Methods are pressure-tested on synthetic worlds with known ground truth. Before a model is trusted on real data, it should have to recover the right answer on simulated markets where the true ROI is known — including the nasty scenarios: unobserved confounding, multicollinearity, saturation misspecification, trend breaks. A model that can’t recover planted answers on synthetic data has no business attributing your real budget. Published model versions are immutable and append-only, and every fit references the exact version it used — so a result is always reproducible back to the code that produced it.
This is the same theme as everything I write about measurement: the honest version of the work is procedural, and procedures only hold if something other than good intentions enforces them.

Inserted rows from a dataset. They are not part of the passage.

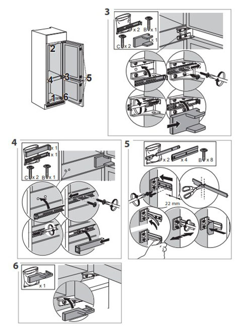 Встраиваемый прибор проще разместить в комнате, даже если общий метраж не такой уж большой. Вы можете спрятать его за декоративной панелью от мебельного фасада — советуем заранее определить нишу и заказывать панели исходя из типа крепления к двери. Способ монтажа в данной модели: скользящее крепление двери (система door sliding) Вы можете поменять направление открывания двери, так как упор переставляемый и ее можно перевесить на другую сторону. Такая функция открывает больше возможностей для установки. Холодильник с морозильником обладает всеми опциями, которые чаще всего ищут и выбирают покупатели. Стандартная конфигурация — универсальный вариант для любой квартиры. Количество камер: 2.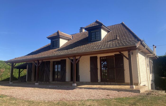 Réf : 04-5104. EXCLUSIVITÉ. Axe Chauffailles-Charlieu, Belle Maison de 158 m² habitables, comprenant : hall d'entrée, cuisine équipée, séjour-salle à manger (environ 45m2) avec cheminée (insert neuf), 2 chambres, salle d'eau, wc séparé. Etage :2 grandes chambres avec fenêtres en jacobines, dressing, wc et point d'eau. Chauffage par radiateurs électriques et cheminée bois. Sous-sol : Garage deux places et cave aménagée, espace chambre avec wc et point d'eau. Terrasse dallée et couverte sur l'avant, plus kiosque neuf. Abri bois. Jeu de boule. Assainissement individuel aux normes. Terrain de 1500m2. Emplacement au calme avec une belle vue dégagée. Logement à consommation énergétique excessive : Classe E. Plus de renseignements au 06 26 79 83 95.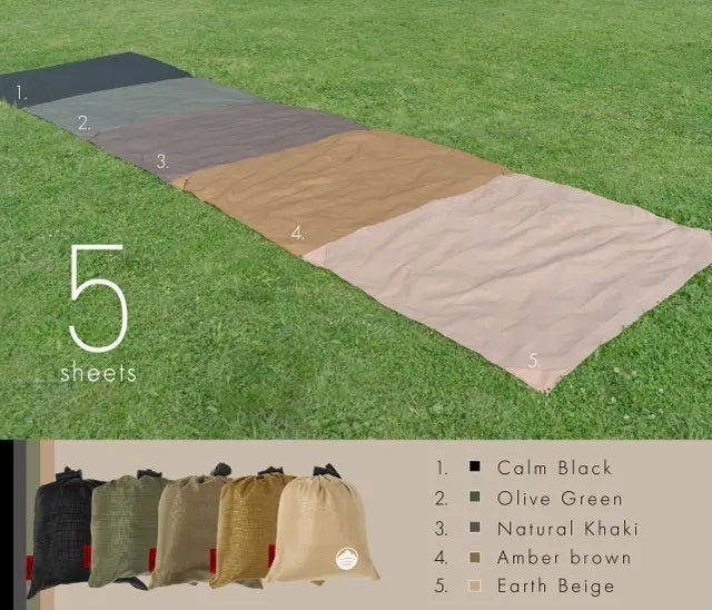 A:自然と調和するアースカラー6種類を用意させて頂きました。①オリーブグリーン ②アースベージュ ③アンバーブラウン④ナチュラル カーキ ⑤カームブラック⑥ライトアイボリー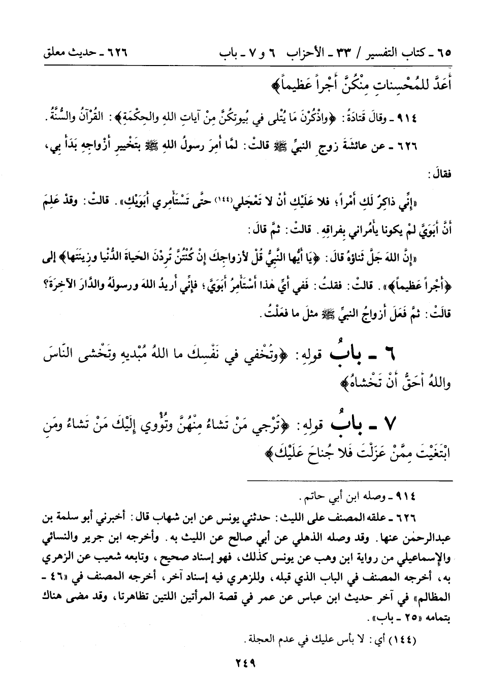626 - علقه المصنف على الليث: حدثني يونس عن ابن شهاب قال: أخبرني أبو سلمة بن عبد الرحمن عنها. وقد وصله الذهلي عن أبي صالح عن الليث به. وأخرجه ابن جرير والنسائي والِإسماعيلي من رواية ابن وهب عن يونس كذلك، فهو إسناد صحيح، وتابعه شعيب عن الزهري به، أخرجه المصنف في الباب الذي قبله، وللزهري فيه إسناد آخر، أخرجه المصنف في "46 - المظالم" في آخر حديث ابن عباس عن عمر في قصة المرأتين اللتين تظاهرتا، وقد مضى هناك بتمامه "25 - باب".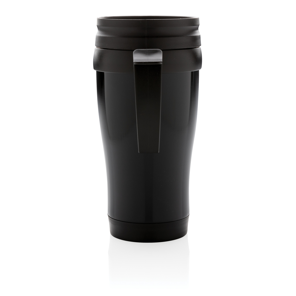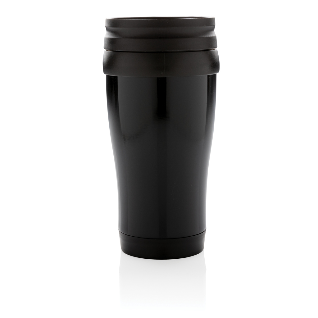 - 350ml stainless steel outside and PP inside mug with lid and base in black..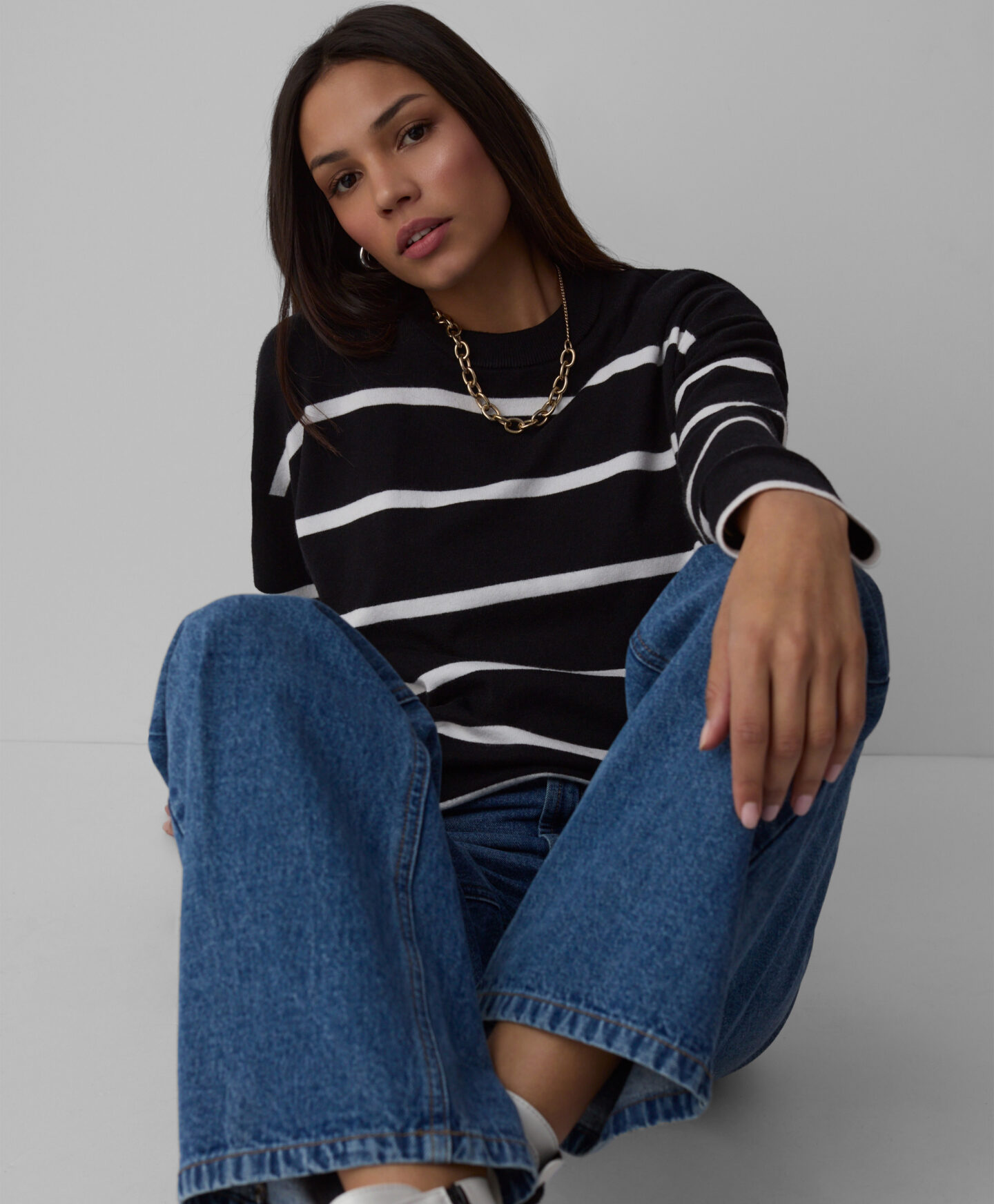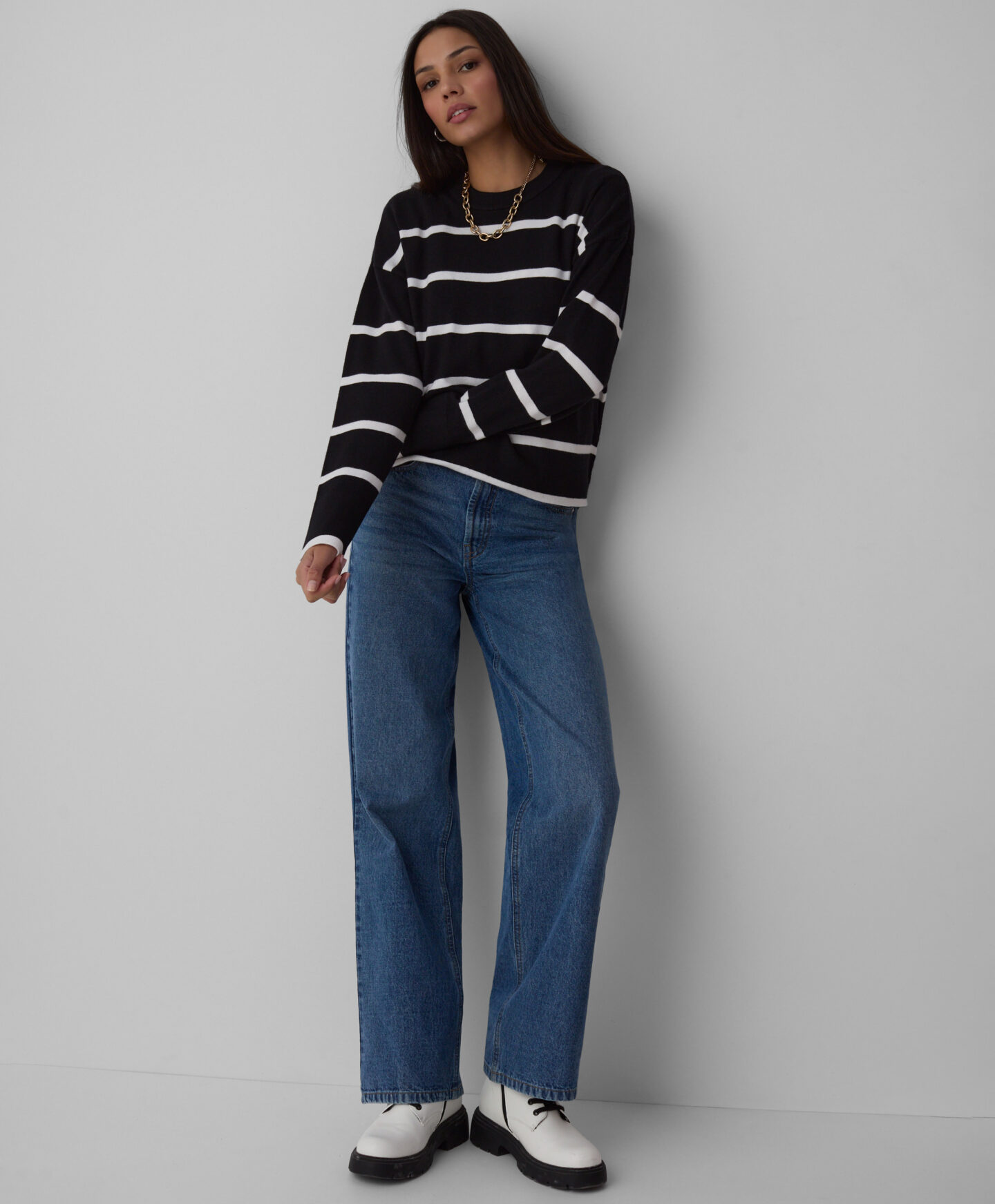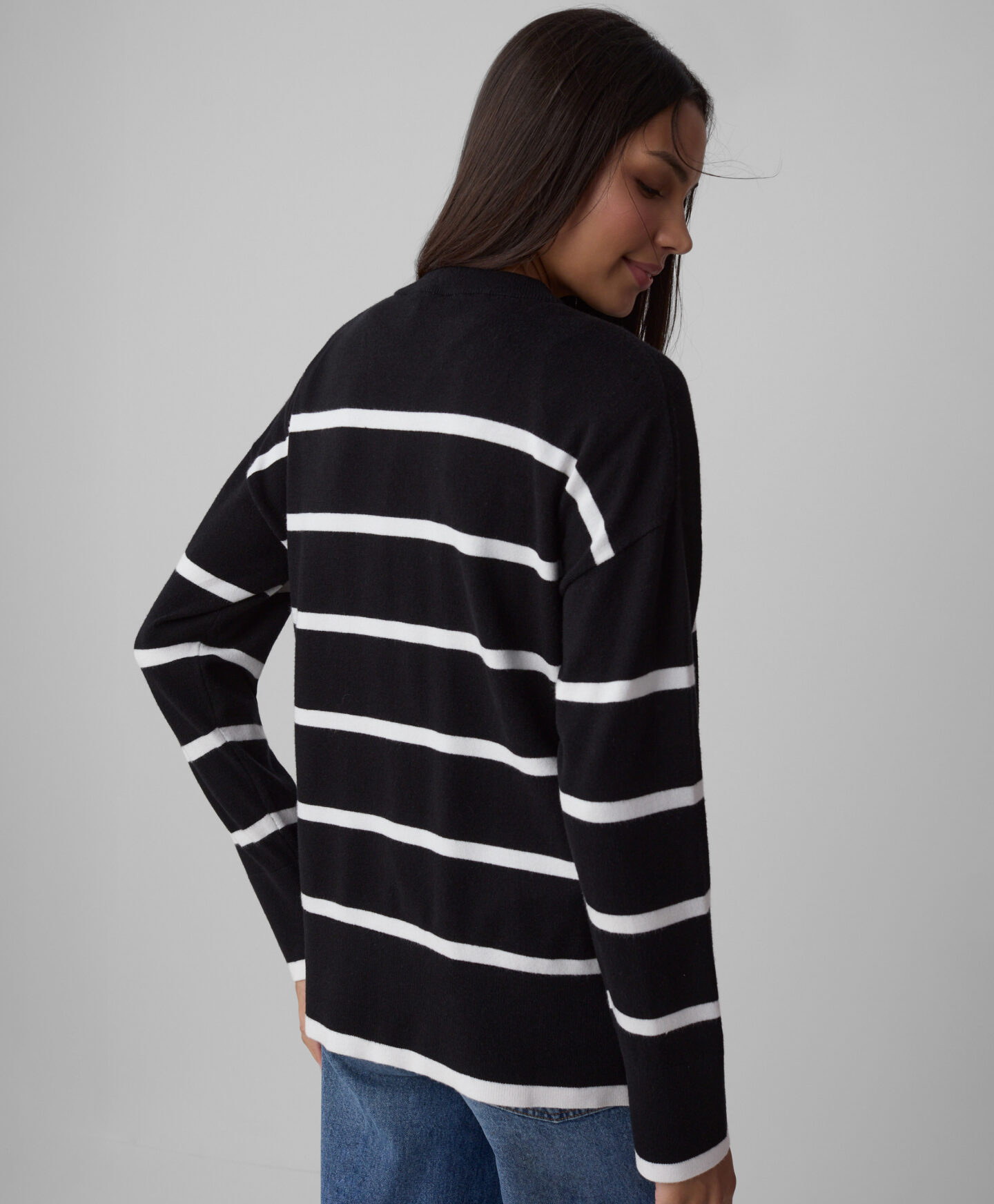 Der Damenpullover gestreift mit Viskose lässt sich hervorragend mit Jeans kombinieren.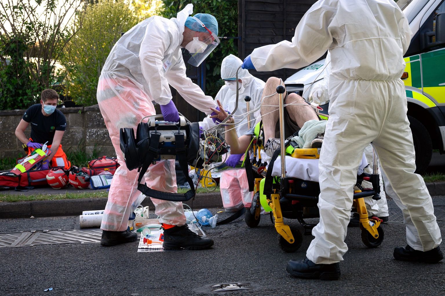 Medical crews work to stabilise a possible Covid-19 patient who was found unconscious having suffered a cardiac arrest while cycling, May 6, 2020.

An assistant that does the loop, not just chats
The other shift is that the interface is conversational where it should be. Fitting a model, validating data, hunting outliers, computing experiment priorities, designing a geo-lift, recording its readout, applying the calibration — these are things you describe in plain language to a workspace that then runs them, in a sandboxed kernel, with the code and tables collected so you can audit exactly what happened. The chat isn’t a gimmick on top of the model; it’s how you operate the loop without context-switching between a notebook, a BI tool, and a slide editor.
Why the strange names
If you’ve seen the product you’ll have noticed it doesn’t call these screens “Dashboard” and “Experiments.” It uses an augury lexicon — the dashboard is the Orrery, experiment design is Auspices, the modeling assistant is the Oracle, the cycle-over-cycle record is the Chronicle. The conceit is deliberate: a Roman augur read signs to decide whether an undertaking had favor before acting, which is precisely what this whole apparatus does with causal evidence instead of birds. Every creative name pairs with a plain-language hint on first encounter, so it’s a memory aid, not a riddle. Mostly it’s a small daily reminder that the job is to read the evidence honestly before committing the budget — not to produce a confident-looking deck after the fact.
The point
A report tells you what happened. A loop changes what you do next, and then checks whether it worked. The deck was never the deliverable; the contracting uncertainty is. Build the workspace so that the honest path — pre-register, test, calibrate, flag what’s stale — is also the path of least resistance, and measurement stops being a thing you present and becomes a thing you operate.